*** Records to process Section Begins ***

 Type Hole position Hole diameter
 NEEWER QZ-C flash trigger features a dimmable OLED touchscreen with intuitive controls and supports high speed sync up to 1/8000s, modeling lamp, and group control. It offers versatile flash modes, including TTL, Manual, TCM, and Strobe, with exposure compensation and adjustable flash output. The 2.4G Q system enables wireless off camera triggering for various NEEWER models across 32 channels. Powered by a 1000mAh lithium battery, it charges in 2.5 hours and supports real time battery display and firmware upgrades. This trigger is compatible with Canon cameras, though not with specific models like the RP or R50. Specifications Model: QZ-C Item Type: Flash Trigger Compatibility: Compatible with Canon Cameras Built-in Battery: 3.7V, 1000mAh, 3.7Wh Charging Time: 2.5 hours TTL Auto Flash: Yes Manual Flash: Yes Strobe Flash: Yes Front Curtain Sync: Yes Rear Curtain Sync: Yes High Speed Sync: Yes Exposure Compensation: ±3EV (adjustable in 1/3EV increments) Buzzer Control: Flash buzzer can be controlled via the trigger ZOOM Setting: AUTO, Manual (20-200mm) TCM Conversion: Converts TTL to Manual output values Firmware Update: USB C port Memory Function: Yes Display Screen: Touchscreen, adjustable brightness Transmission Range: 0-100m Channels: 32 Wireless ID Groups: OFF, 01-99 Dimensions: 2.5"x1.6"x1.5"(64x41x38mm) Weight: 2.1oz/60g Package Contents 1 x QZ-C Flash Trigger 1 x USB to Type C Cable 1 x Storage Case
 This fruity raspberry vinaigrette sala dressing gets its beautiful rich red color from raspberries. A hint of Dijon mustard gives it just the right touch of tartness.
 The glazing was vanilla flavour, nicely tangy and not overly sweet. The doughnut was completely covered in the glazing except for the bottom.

*** Records to process Section Ends ***
*** Records to process Section Begins ***

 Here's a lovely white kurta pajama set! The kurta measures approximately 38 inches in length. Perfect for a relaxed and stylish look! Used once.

*** Records to process Section Ends ***
*** Records to process Section Begins ***

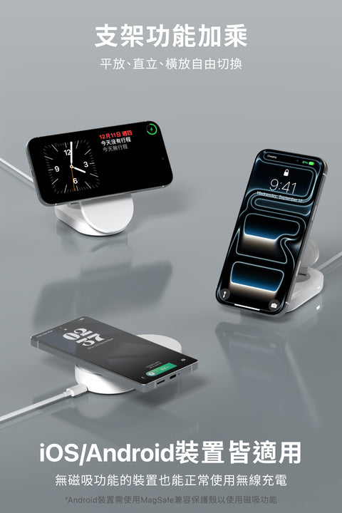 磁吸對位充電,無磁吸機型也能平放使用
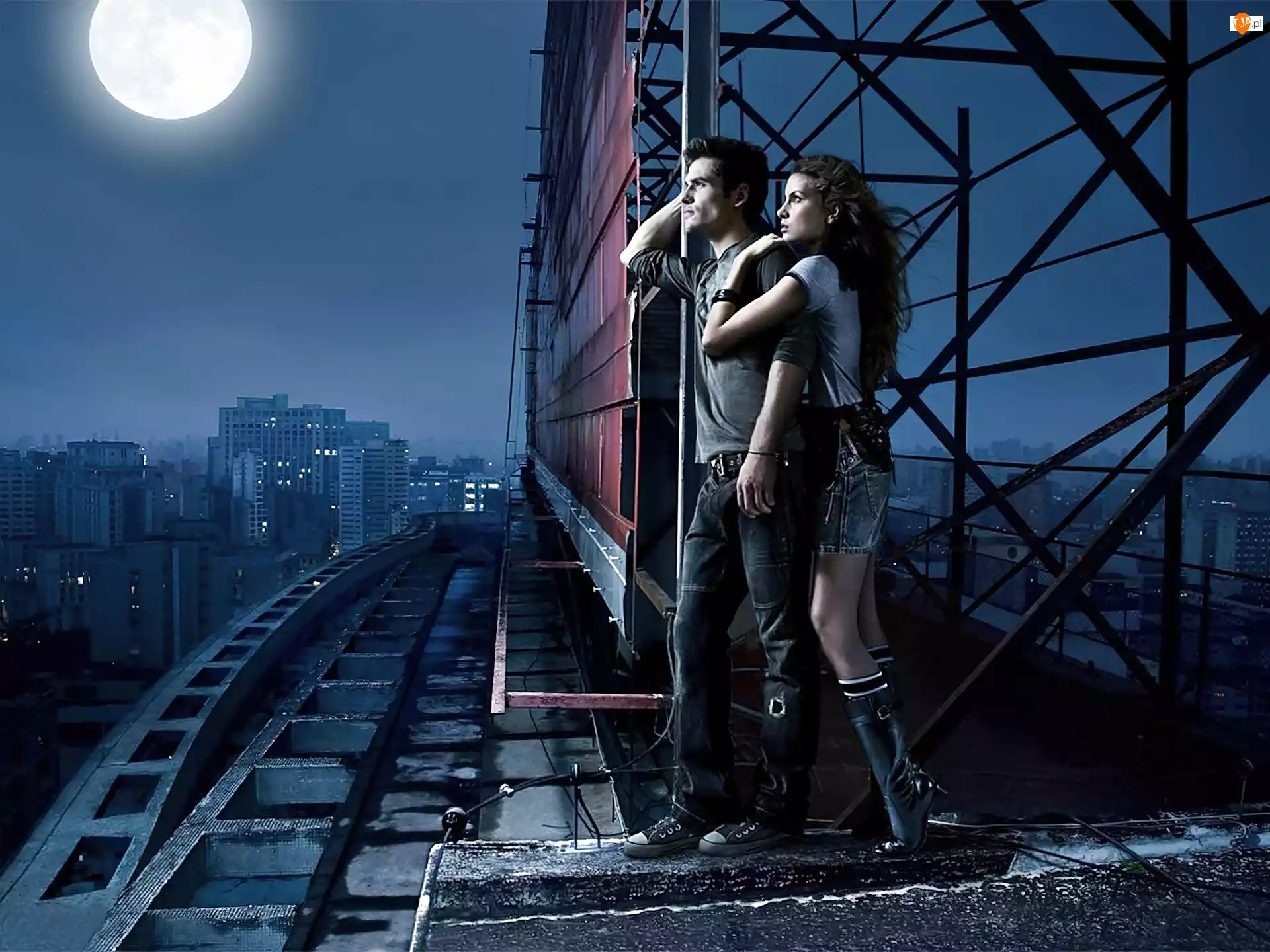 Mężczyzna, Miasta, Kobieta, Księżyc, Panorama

*** Records to process Section Ends ***

◆ **Problem requirements**
Give back, exactly as written, the stretch from the line with "NEEWER QZ-C flash" through the line with "The glazing was", and no other lines from the records above.

◆ **Exercise answer**
 NEEWER QZ-C flash trigger features a dimmable OLED touchscreen with intuitive controls and supports high speed sync up to 1/8000s, modeling lamp, and group control. It offers versatile flash modes, including TTL, Manual, TCM, and Strobe, with exposure compensation and adjustable flash output. The 2.4G Q system enables wireless off camera triggering for various NEEWER models across 32 channels. Powered by a 1000mAh lithium battery, it charges in 2.5 hours and supports real time battery display and firmware upgrades. This trigger is compatible with Canon cameras, though not with specific models like the RP or R50. Specifications Model: QZ-C Item Type: Flash Trigger Compatibility: Compatible with Canon Cameras Built-in Battery: 3.7V, 1000mAh, 3.7Wh Charging Time: 2.5 hours TTL Auto Flash: Yes Manual Flash: Yes Strobe Flash: Yes Front Curtain Sync: Yes Rear Curtain Sync: Yes High Speed Sync: Yes Exposure Compensation: ±3EV (adjustable in 1/3EV increments) Buzzer Control: Flash buzzer can be controlled via the trigger ZOOM Setting: AUTO, Manual (20-200mm) TCM Conversion: Converts TTL to Manual output values Firmware Update: USB C port Memory Function: Yes Display Screen: Touchscreen, adjustable brightness Transmission Range: 0-100m Channels: 32 Wireless ID Groups: OFF, 01-99 Dimensions: 2.5"x1.6"x1.5"(64x41x38mm) Weight: 2.1oz/60g Package Contents 1 x QZ-C Flash Trigger 1 x USB to Type C Cable 1 x Storage Case
 This fruity raspberry vinaigrette sala dressing gets its beautiful rich red color from raspberries. A hint of Dijon mustard gives it just the right touch of tartness.
 The glazing was vanilla flavour, nicely tangy and not overly sweet. The doughnut was completely covered in the glazing except for the bottom.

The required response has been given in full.